• [Data supplied]
------------
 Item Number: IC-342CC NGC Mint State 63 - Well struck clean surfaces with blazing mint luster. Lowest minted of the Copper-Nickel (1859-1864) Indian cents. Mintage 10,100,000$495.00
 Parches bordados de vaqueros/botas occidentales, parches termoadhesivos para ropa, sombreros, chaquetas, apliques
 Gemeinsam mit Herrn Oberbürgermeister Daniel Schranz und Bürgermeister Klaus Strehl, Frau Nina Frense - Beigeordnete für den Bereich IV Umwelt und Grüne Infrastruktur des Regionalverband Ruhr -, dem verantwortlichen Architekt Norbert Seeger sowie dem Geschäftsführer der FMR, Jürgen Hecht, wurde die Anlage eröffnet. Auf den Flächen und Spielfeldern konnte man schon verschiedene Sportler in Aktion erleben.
------------
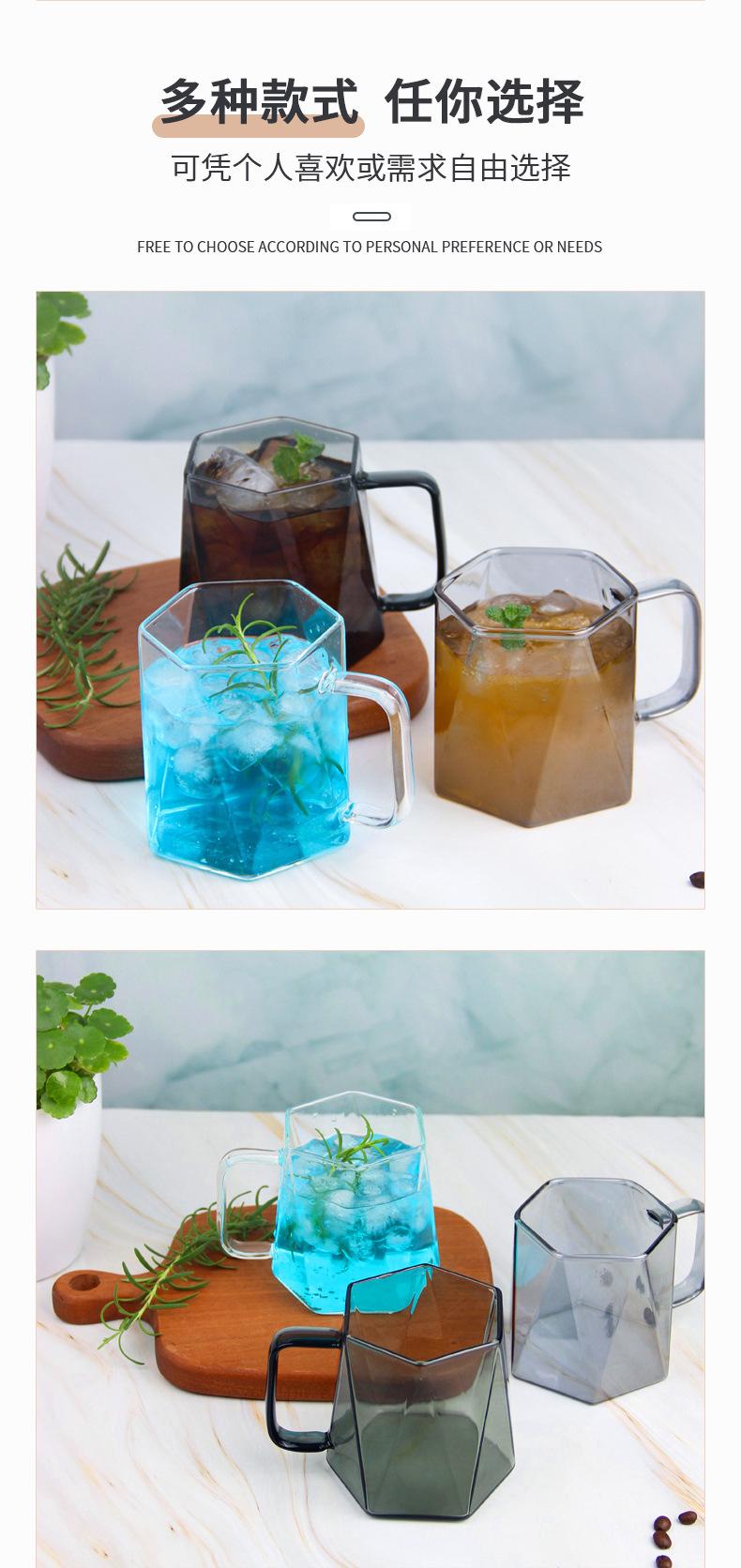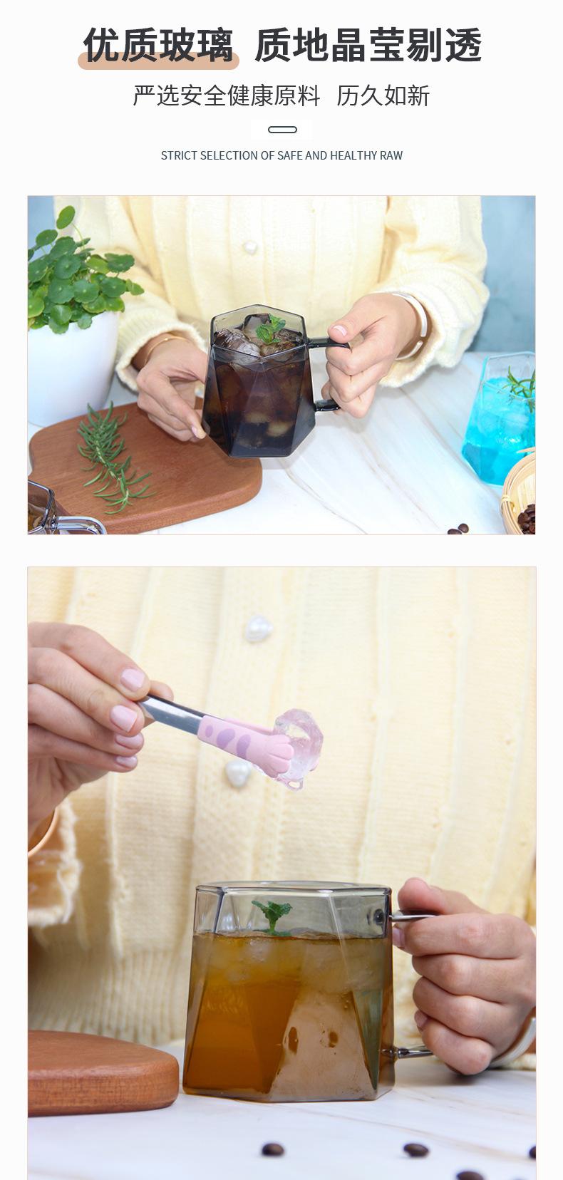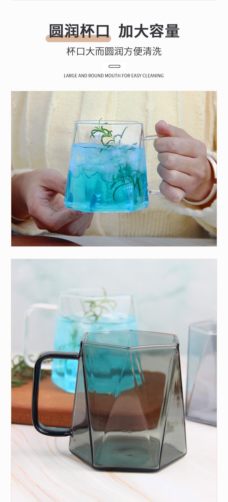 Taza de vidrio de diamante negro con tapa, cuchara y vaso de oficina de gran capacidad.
------------
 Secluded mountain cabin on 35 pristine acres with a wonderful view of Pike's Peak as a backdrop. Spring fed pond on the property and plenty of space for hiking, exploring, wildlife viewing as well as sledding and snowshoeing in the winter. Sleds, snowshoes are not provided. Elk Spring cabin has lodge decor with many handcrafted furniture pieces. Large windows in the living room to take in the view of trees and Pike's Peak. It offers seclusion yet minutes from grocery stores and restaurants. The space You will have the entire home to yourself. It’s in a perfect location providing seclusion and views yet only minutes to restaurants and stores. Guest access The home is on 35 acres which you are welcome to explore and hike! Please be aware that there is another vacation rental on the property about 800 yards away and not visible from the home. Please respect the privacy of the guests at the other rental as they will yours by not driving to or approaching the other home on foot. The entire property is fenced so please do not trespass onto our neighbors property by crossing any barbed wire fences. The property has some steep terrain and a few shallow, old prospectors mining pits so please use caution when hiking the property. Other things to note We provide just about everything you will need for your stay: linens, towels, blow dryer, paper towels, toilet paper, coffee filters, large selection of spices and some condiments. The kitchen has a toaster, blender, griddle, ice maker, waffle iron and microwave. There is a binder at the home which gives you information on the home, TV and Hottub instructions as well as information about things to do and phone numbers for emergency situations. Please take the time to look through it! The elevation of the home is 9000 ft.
------------
• [Exercise directions]
Send back an exact copy of only the lines from the line with "Item Number: IC-342CC" up to and including the line with "Parches bordados de" in the data above.

• [Result of this exercise]
 Item Number: IC-342CC NGC Mint State 63 - Well struck clean surfaces with blazing mint luster. Lowest minted of the Copper-Nickel (1859-1864) Indian cents. Mintage 10,100,000$495.00
 Parches bordados de vaqueros/botas occidentales, parches termoadhesivos para ropa, sombreros, chaquetas, apliques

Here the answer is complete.